Coaching
The Science of Becoming the Person You Want to Be
The ‘two faces of coaching' can help you achieve your dreams.
Posted October 20, 2022 Reviewed by Michelle Quirk
Key points
- Coaching is an empirically validated method for facilitating personal and professional growth.
- There are two primary methods for coaching: content and process.
- Repeated use of questions, whether posed by the coach or by oneself, can not only change behavior but may also change the brain itself.
This post is co-authored by George S. Everly, Jr., Ph.D., and Gina Brelesky, MPA, MEd.

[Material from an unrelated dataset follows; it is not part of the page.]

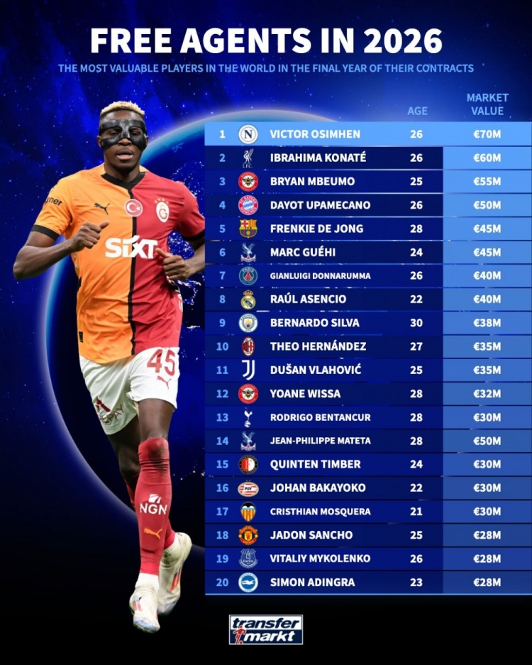 合同年球员身价:奥斯梅恩居首,于帕、德容、多纳鲁马、特奥在列

What you leave behind is not what is engraved in stone monuments, but what is woven into others. – Pericles, 5th century BC

Coaching is big business. The “life coaching” industry has been estimated to be around $1.4 billion in 2022. “Business coaching” has been estimated to be around $14.2 billion in 2022. And the coaching industries continue to grow. Despite the claims made by many purveyors of these services, coaching is not new. In an effort to truly advance the field, rather than merely reinvent it, there may be value in looking from whence we have come and where we can go. Let’s take a closer look at this medium for personal and professional growth.
Coaching Defined
According to Grant (2006), “Coaching is essentially about helping individuals regulate and direct their interpersonal and intrapersonal resources to better attain their goals” (p. 153). Whether it is personal or professional coaching, the process of coaching, at its most fundamental level, entails providing guidance. According to celebrity life coach Tony Robbins, it is providing support and advice. Variations on this theme would be tutoring and mentoring. While some argue there are significant distinctions among coaching, tutoring, and mentoring, a critical analysis reveals largely arbitrary or unconvincing efforts at semantic neofunctionalism. But perhaps Wikipedia provides the most useful definition applicable to the current discussion: “The word ‘coaching’ thus identified a process used to transport people from where they are to where they want to be.”
Origins
The oldest generally accepted references to processes of interpersonal guidance (i.e., helping people get from where they are to where they want to be) arise from Greek mythology. Athena was the goddess of wisdom. Across numerous myths, she can be seen providing guidance. But perhaps the most famous example of providing interpersonal guidance is from Homer’s Odyssey. As Odysseus, King of Ithaca, was leaving for the Trojan wars, he asked a trusted friend named Mentor to provide developmental guidance to his son Telemachus while he was gone. Thus, the term “mentor” became associated with being a wise and trusted adviser.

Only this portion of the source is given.